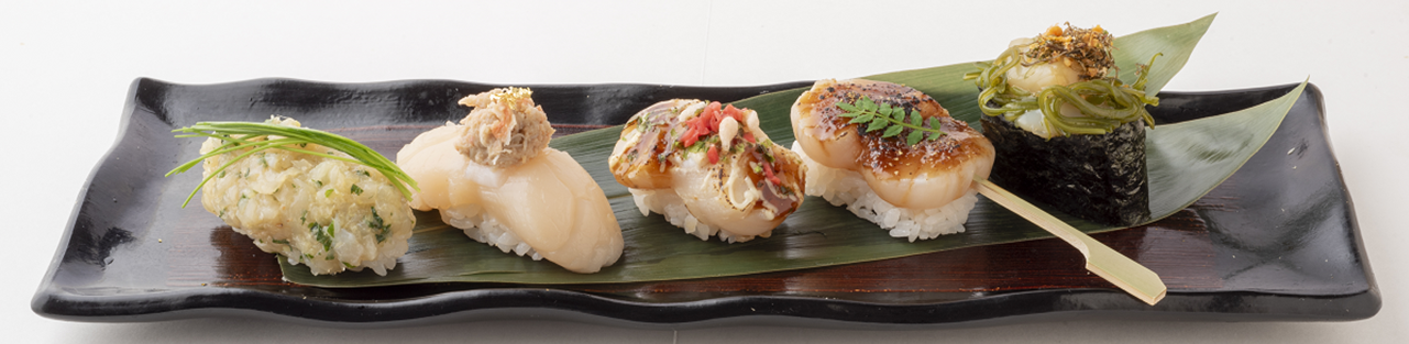 左から、ホタテのなめろうにぎり(千葉県すし銚子丸)、ホタテ蟹共和えのせ(石川県 金沢まいもん寿司)、ホタテのたこ焼き寿司(大阪府 にぎり長次郎)、ホタテの奥三河八丁味噌仕立て(愛知県 魚魚丸)、三陸めかぶのホタテ軍艦(岩手県 清次郎)
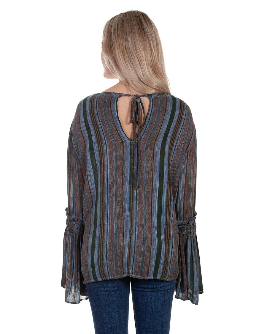 - This Bold Stripped Pullover Top Is Demin Friendly And Features A Scoop Neck With Long Stylish Bell Sleeves
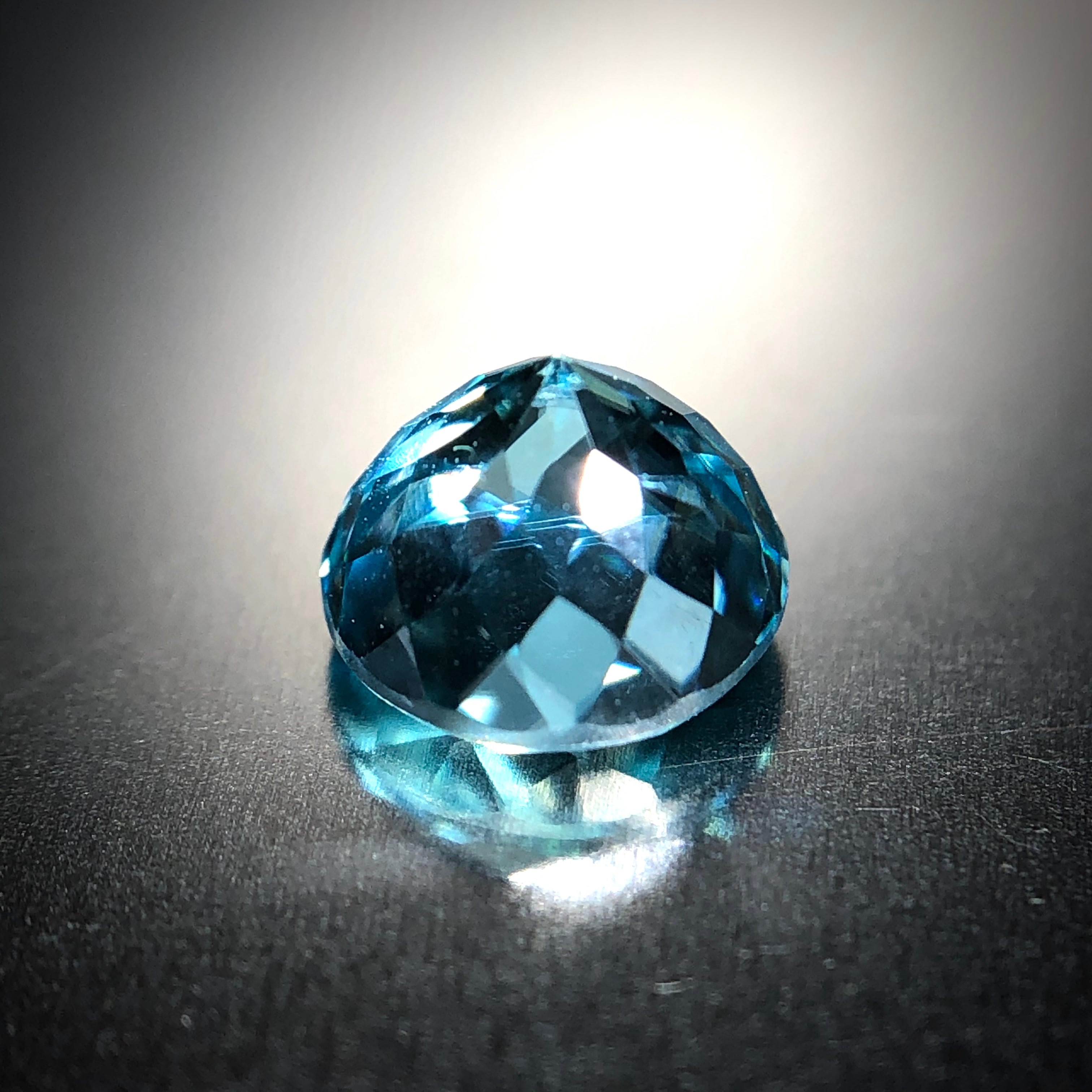 カッターは事前にどのようにファセットを施すかプランニングし、そのストーンの色を最大限に発揮させるようカットするのです。この素晴らしいアイスブルーには職人の技術力が伺えます。
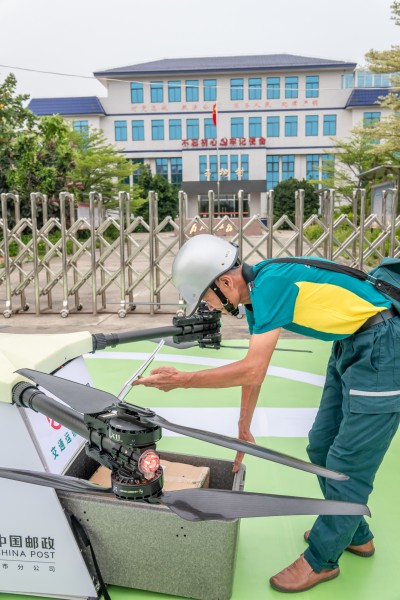 在龙海海澄玉枕渡口,随着起飞键的按下,一架无人机载着30公斤的邮件,腾空而起,以高于江面30米的高度跨九龙江飞行,2分半后,平稳降落于600米外的龙海市玉枕村党群服务中心,待邮递员取走邮件后自动返航。此次飞行高度达到30米,实现自主起降,自动化、智能化飞行。
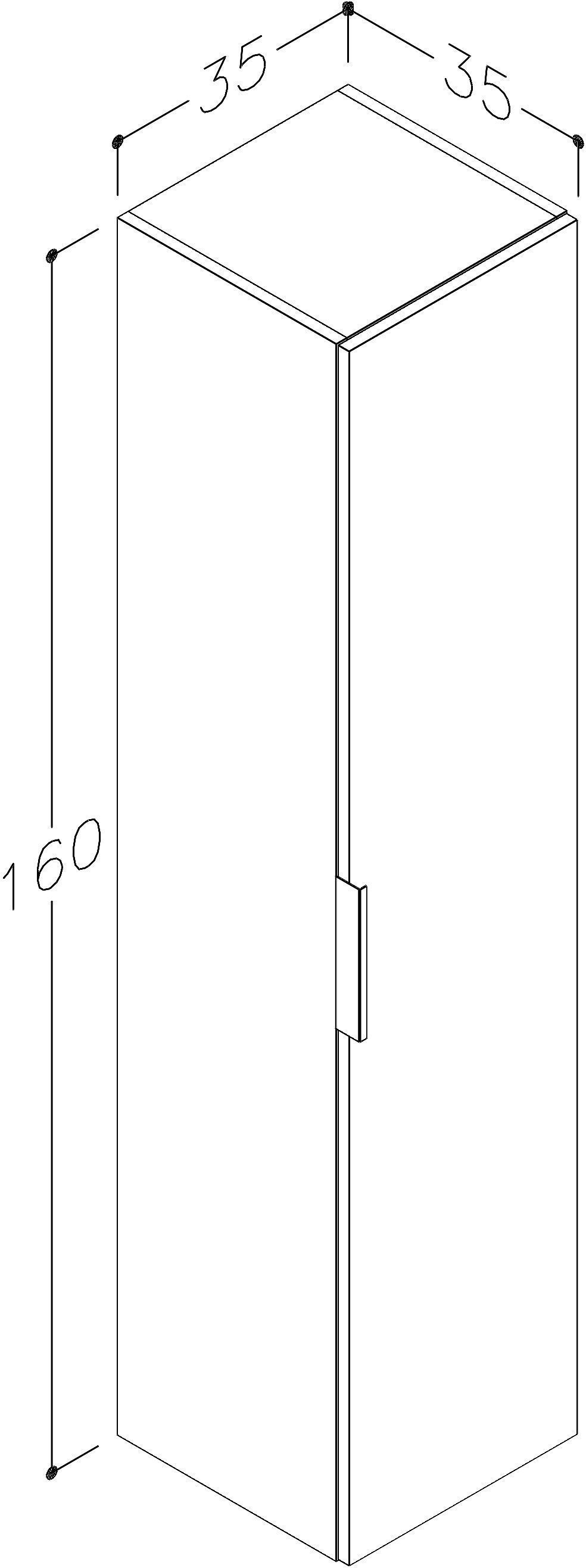 RB Bathroom Mono 35 kõrge vannitoakapp on mõõtmetega 35 x 35 x 160 cm.
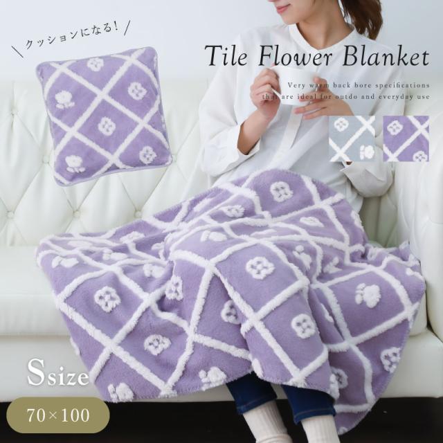 【宅急便送料無料】収納カバー付き! カットボア タイルフラワーブランケット【Sサイズ】約70cmx100cm ひざ掛け クッション かわいい おしゃれ シンプル おしゃれ
---+---
## Assignment
May I have only the lines from the start of the data through the line containing "RB Bathroom Mono", both included, reproduced exactly and without the pictures?

## Solution to the exercise
 左から、ホタテのなめろうにぎり(千葉県すし銚子丸)、ホタテ蟹共和えのせ(石川県 金沢まいもん寿司)、ホタテのたこ焼き寿司(大阪府 にぎり長次郎)、ホタテの奥三河八丁味噌仕立て(愛知県 魚魚丸)、三陸めかぶのホタテ軍艦(岩手県 清次郎)
 - This Bold Stripped Pullover Top Is Demin Friendly And Features A Scoop Neck With Long Stylish Bell Sleeves
 カッターは事前にどのようにファセットを施すかプランニングし、そのストーンの色を最大限に発揮させるようカットするのです。この素晴らしいアイスブルーには職人の技術力が伺えます。
 在龙海海澄玉枕渡口,随着起飞键的按下,一架无人机载着30公斤的邮件,腾空而起,以高于江面30米的高度跨九龙江飞行,2分半后,平稳降落于600米外的龙海市玉枕村党群服务中心,待邮递员取走邮件后自动返航。此次飞行高度达到30米,实现自主起降,自动化、智能化飞行。
 RB Bathroom Mono 35 kõrge vannitoakapp on mõõtmetega 35 x 35 x 160 cm.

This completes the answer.